About this exercise: Once you reach the line with "गंधरपा में नाईट क्रिकेट टूर्नामेंट आयोजित" in the material below, copy each line exactly up to and including the line with "Этот женский топ", and skip the pictures.

Stored data:

***

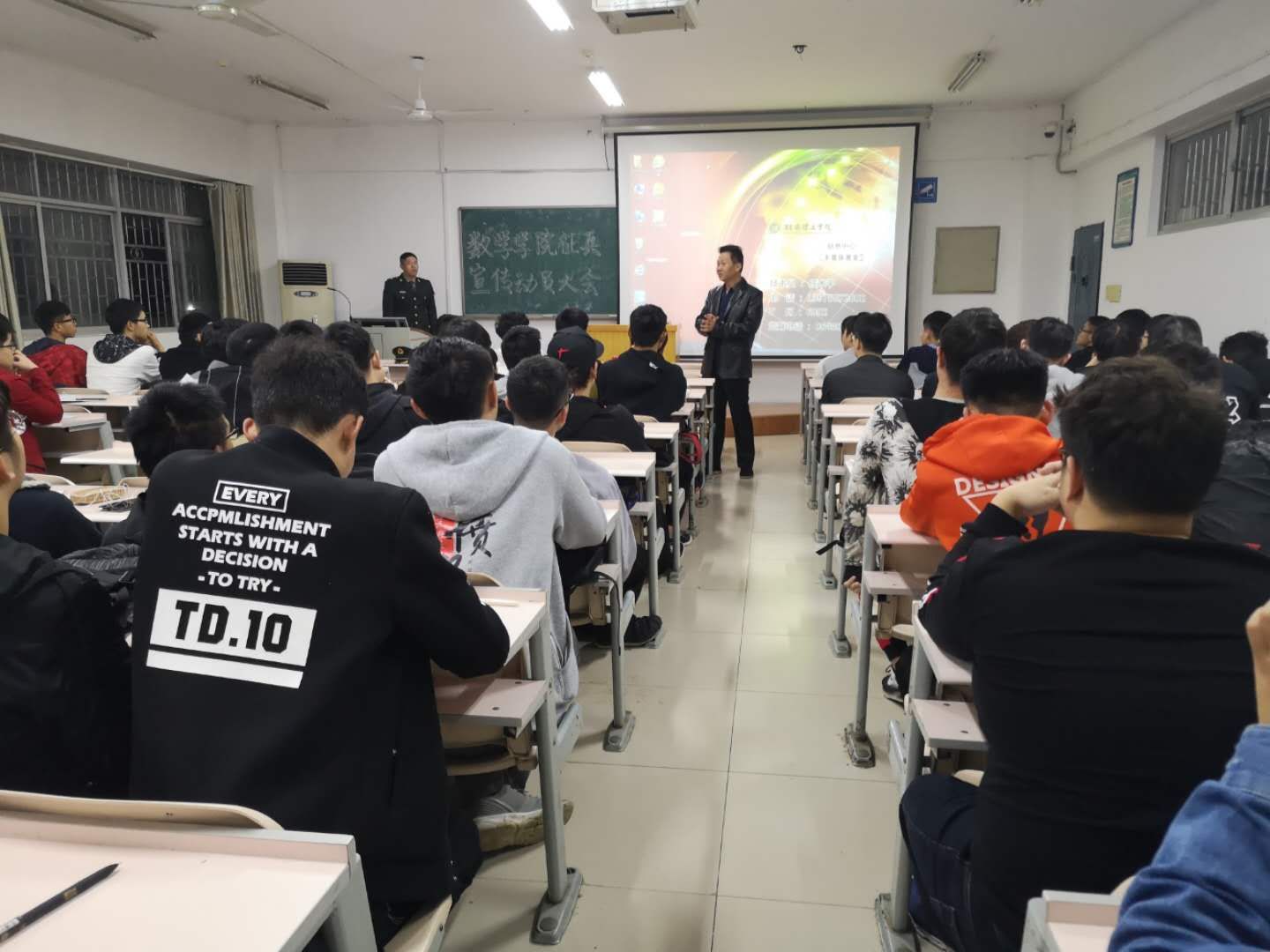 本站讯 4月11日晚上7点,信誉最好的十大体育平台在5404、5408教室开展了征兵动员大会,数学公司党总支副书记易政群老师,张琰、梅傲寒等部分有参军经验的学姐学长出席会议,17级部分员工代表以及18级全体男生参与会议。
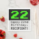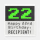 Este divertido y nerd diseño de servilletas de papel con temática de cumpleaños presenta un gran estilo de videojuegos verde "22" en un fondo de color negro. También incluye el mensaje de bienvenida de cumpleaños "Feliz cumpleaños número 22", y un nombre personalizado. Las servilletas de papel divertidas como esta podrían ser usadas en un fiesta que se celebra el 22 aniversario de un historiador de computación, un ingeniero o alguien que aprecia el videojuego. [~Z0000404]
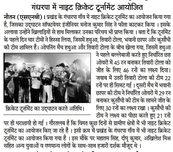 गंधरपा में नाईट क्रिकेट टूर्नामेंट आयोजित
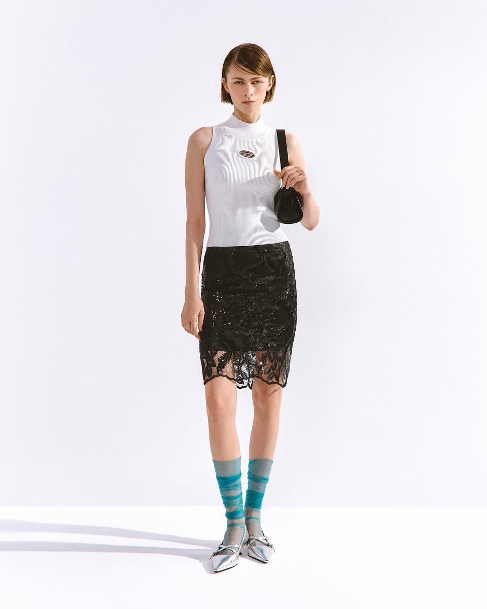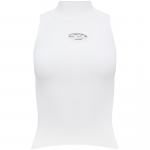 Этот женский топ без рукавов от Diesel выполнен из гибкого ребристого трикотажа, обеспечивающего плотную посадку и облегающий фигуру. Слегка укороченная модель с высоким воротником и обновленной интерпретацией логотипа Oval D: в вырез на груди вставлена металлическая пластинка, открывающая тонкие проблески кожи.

***

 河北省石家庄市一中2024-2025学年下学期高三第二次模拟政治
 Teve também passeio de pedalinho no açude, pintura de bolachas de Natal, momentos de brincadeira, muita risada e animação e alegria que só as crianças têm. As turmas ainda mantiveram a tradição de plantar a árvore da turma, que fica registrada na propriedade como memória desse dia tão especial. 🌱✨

***

Response to this exercise:
 गंधरपा में नाईट क्रिकेट टूर्नामेंट आयोजित
 Этот женский топ без рукавов от Diesel выполнен из гибкого ребристого трикотажа, обеспечивающего плотную посадку и облегающий фигуру. Слегка укороченная модель с высоким воротником и обновленной интерпретацией логотипа Oval D: в вырез на груди вставлена металлическая пластинка, открывающая тонкие проблески кожи.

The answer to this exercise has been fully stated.